UN CUORE INSENSIBILE

In questo racconto si parla di due discepoli che hanno visto Gesù morto sulla croce e sono delusi. Non avevano ancora capito che Egli sarebbe risuscitato! E quando il Gesù risorto si avvicina e comincia a camminare con loro, non lo riconoscono. Manca in loro la fede nelle promesse che Gesù aveva fatto: "Dopo tre giorni risusciterò!" Anche noi a volte siamo come quei discepoli. Lo trattiamo come un estraneo. A volte apriamo la Bibbia, leggiamo, ma il nostro cuore rimane insensibile, la nostra fede è così piccola.
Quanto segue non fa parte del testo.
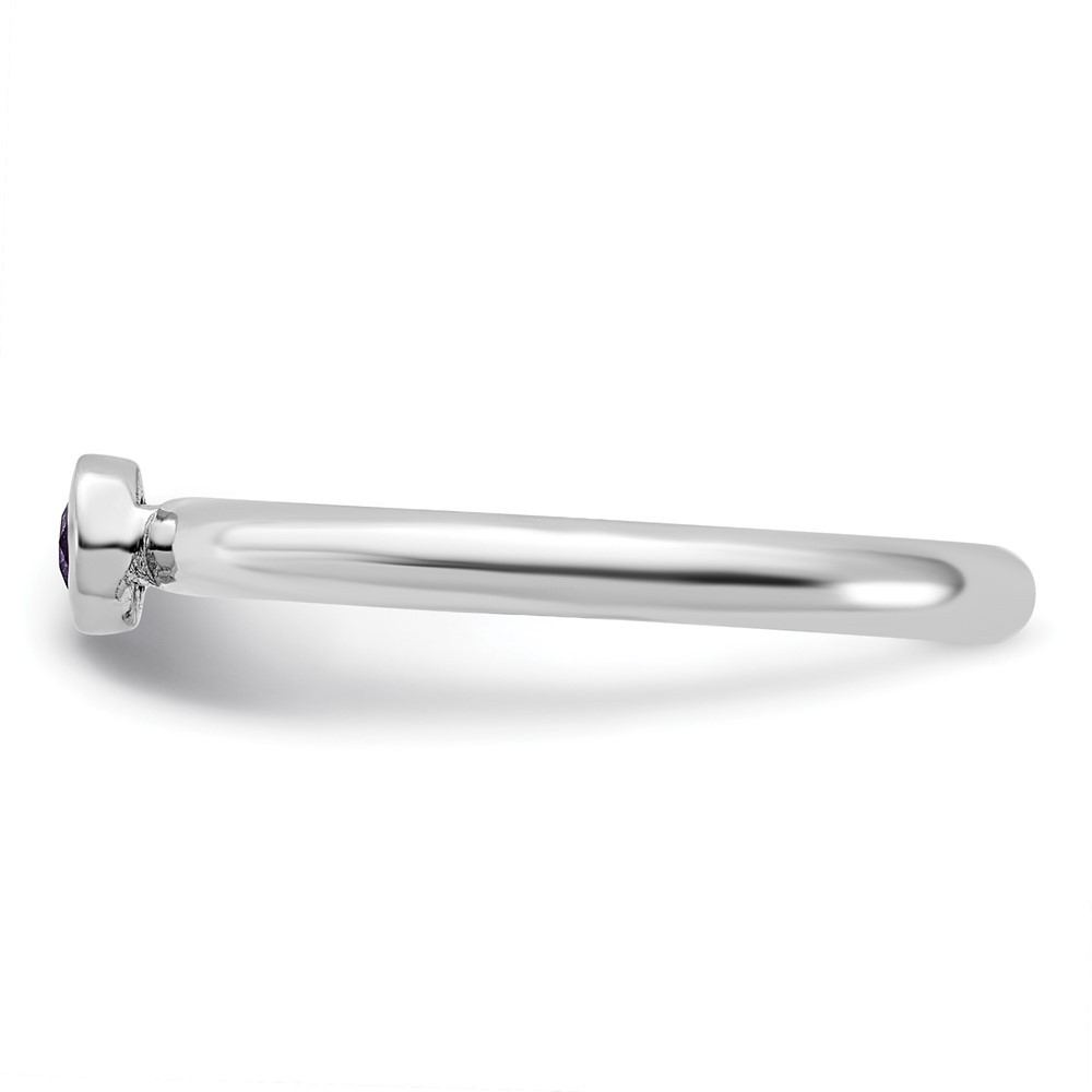 Material: Primary - Purity:925|Finish:Polished|Stone Type_1:Amethyst|Stone Color_1:Purple|Stone Quantity_1:1|Plating:Rhodium|Band Width:2.3 mm|Stone Setting_1:Bezel Set|Stone Weight_1:0.14 ctw (total weight)|Feature:Solid|Manufacturing Process:Casted|Material: Primary:Sterling Silver|Completeness:Complete (all stones included)|Sizeable:No|Stone Shape_1:Round|Stone Size_1:2.5 mm|Stone Treatment_1:Heating|Item Weight U/M:gm|Width of Item:2.3 mm|Product Type:Jewelry|Jewelry Type:Rings|Sold By Unit:Each|Gender:Women's|Material: Primary - Color:White|Ring Type:Stackable|Ring Top Length:4.5 mm|Ring Top Width:4.5 mm|Plating Color:Silver Tone|Stone Creation Method_1:Natural Welcome to diamond_6720 Payments We accept all Ebay approved payment. Please sent the payment to us within 8 days after the auction has ended, or you will have unpaid case auto open by eBay. Shipping Policy We will ship all items within 1 business days of purchase during the work week (M-F) excluding holidays. If you order on Friday, your order will be shipped the following business day. Tracking will be provided when it becomes available. We will only ship to a PayPal Verified Address. Please make sure your address is current and correct. If the information does not match, your order may be canceled. Buyers are responsible for all customs, duties and taxes for your respective countries. Delivery times for International Shipping will vary. California Buyers Pay 9.0% Tax on all orders. case auto open by eBay. Return Policy & Exchange Returns or Exchange are accepted. Buyer must contact us within 30 days after the item is received. Item must be returned in unworn and resalable condition. We will only issue a refund for the purchase price, excluding any shipping fees. If we are at fault, we will provide a full refund. Buyer is responsible for all return shipping costs. BUYERS FEEDBACK If you have any concerns regarding your purchase, please contact us via eBay Message, we assure you that a satisfactory resolution will be reached. Your feedback is very important to us Do remember to give us 5 star rating(*****) if you are satisfied with our product & service .

Noi conosciamo la Sua voce, abbiamo sentito la Sua presenza, perché ci ha salvati, eppure anche se molto vicino diciamo: "Se sapessi dove trovarlo!". Dovremmo riconoscere Gesù perché abbiamo la Sua Parola che ci parla e Lo rivela al cuore, eppure non Lo scorgiamo. Se in questo momento il tuo cuore non riesce a sentirLo, sappi che è l'incredulità l'impedimento, come per i discepoli. Accostati al Signore con fede, semplicità e umiltà, credendo in Lui ed Egli opererà!